# [Data provided]

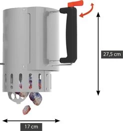 Grâce au système Safe Drop unique de Barbecook , il n’est plus nécessaire de tourner votre démarreur de barbecue. Lorsque les charbons sont prêts à être utilisés, appuyez sur le bouton rouge et la vanne au bas du démarreur à charbon s’ouvrira d’elle-même. Ensuite, vous soulevez doucement le démarreur de briquette pour que les charbons ardents atterrissent tranquillement sur la grille. Exactement là où vous le souhaitez et sans risque d’incendie ou de brûlure!
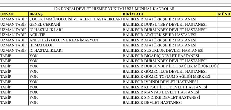 DHY Kurası kapsamında Balıkesir’e ataması yapılan uzman hekimlerin branşları şu şekilde açıklandı:
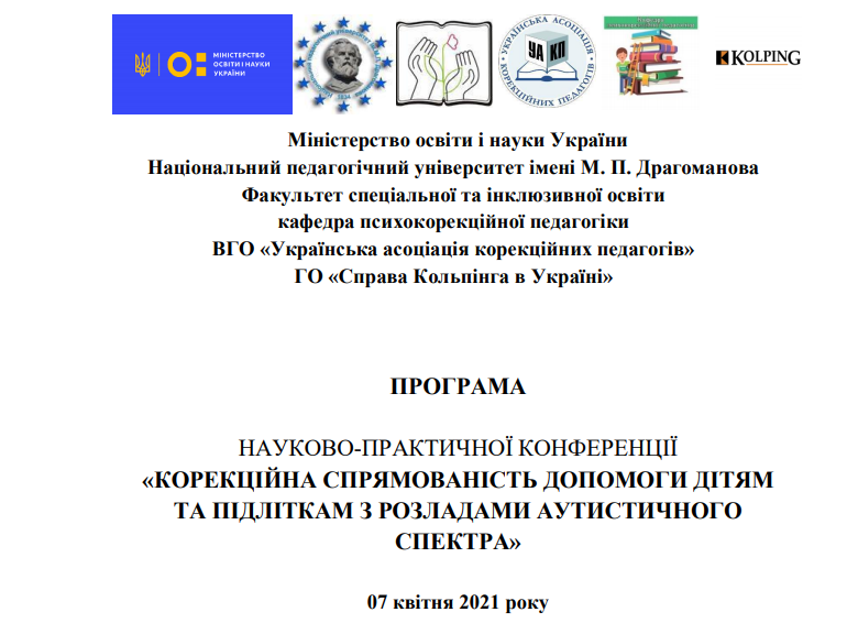 7 квітня 2021 року викладачі кафедри корекційної педагогіки та інклюзивної освіти взяли участь у науково-практичній конференції «Корекційна спрямованість допомоги дітям та підліткам з розладами аутистичного спектру» (м. Київ).
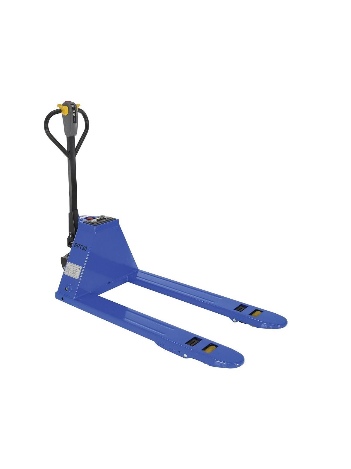 Compact body design and light service weight makes it suitable to use in tight areas and low-duty applications. Multi-function ergonomic handle with emergency reverse, battery indicator, raise/lower buttons, horn, and forward/reverse butterfly switch. Handle returns to vertical position automatically when released. Unit can be operated when handle is in up position (up-right driving). Equipped with maintenance free 24V/20Ah lithium ion battery. Battery is interchangeable for continuous usage. FOB Shipping Point.
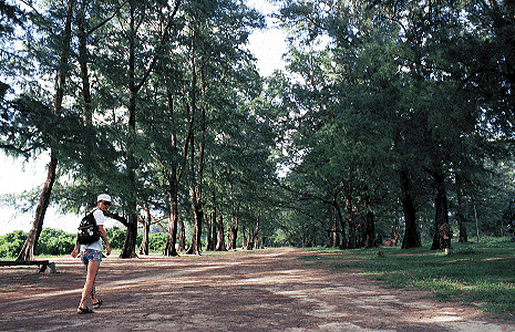 それから、荷物を持って出かける。ビーチに沿って林の中を 通る道を北へ (写真)。道端の草むらを注意して観察。トカゲとか、 またまた変な草花とか、そんなものを写真に撮りながら歩く。 カマキリを期待していたのだけど、それは見つけられなかった。
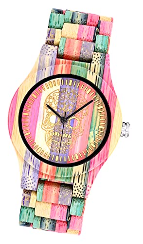 MicLee Herr dam enkel träklocka cool gulu-huvud färgglad naturträ urtavla trä analog kvartsrörelse armbandsur för kvinnor män gåvor, Dam
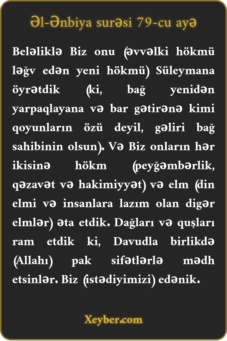 Beləliklə Biz onu (əvvəlki hökmü ləğv edən yeni hökmü) Süleymana öyrətdik (ki, bağ yenidən yarpaqlayana və bar gətirənə kimi qoyunların özü deyil, gəliri bağ sahibinin olsun). Və Biz onların hər ikisinə hökm (peyğəmbərlik, qəzavət və hakimiyyət) və elm (din elmi və insanlara lazım olan digər elmlər) əta etdik. Dağları və quşları ram etdik ki, Davudla birlikdə (Allahı) pak sifətlərlə mədh etsinlər. Biz (istədiyimizi) edənik.
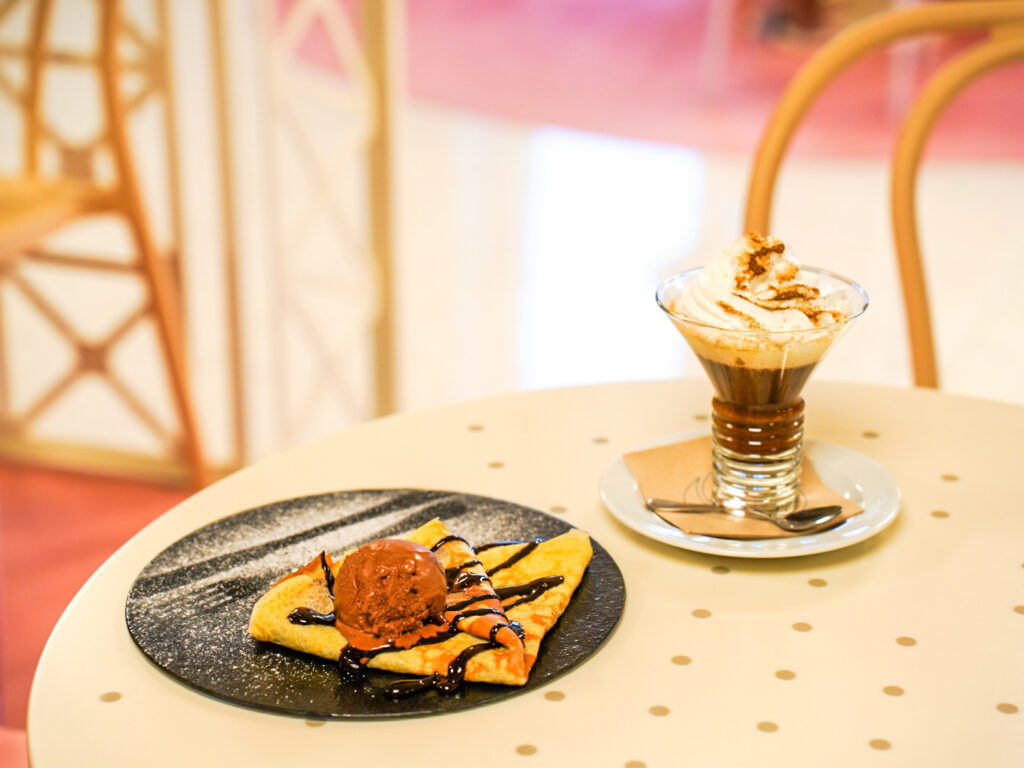 ジェラートやクレープ、マカロンやチョコラなどが有料でいただけます。

# [Your instructions]
From the opening line of the entries above to the line containing "7 квітня 2021", please transcribe each line exactly, skipping every picture.

# [Final answer]
 Grâce au système Safe Drop unique de Barbecook , il n’est plus nécessaire de tourner votre démarreur de barbecue. Lorsque les charbons sont prêts à être utilisés, appuyez sur le bouton rouge et la vanne au bas du démarreur à charbon s’ouvrira d’elle-même. Ensuite, vous soulevez doucement le démarreur de briquette pour que les charbons ardents atterrissent tranquillement sur la grille. Exactement là où vous le souhaitez et sans risque d’incendie ou de brûlure!
 DHY Kurası kapsamında Balıkesir’e ataması yapılan uzman hekimlerin branşları şu şekilde açıklandı:
 7 квітня 2021 року викладачі кафедри корекційної педагогіки та інклюзивної освіти взяли участь у науково-практичній конференції «Корекційна спрямованість допомоги дітям та підліткам з розладами аутистичного спектру» (м. Київ).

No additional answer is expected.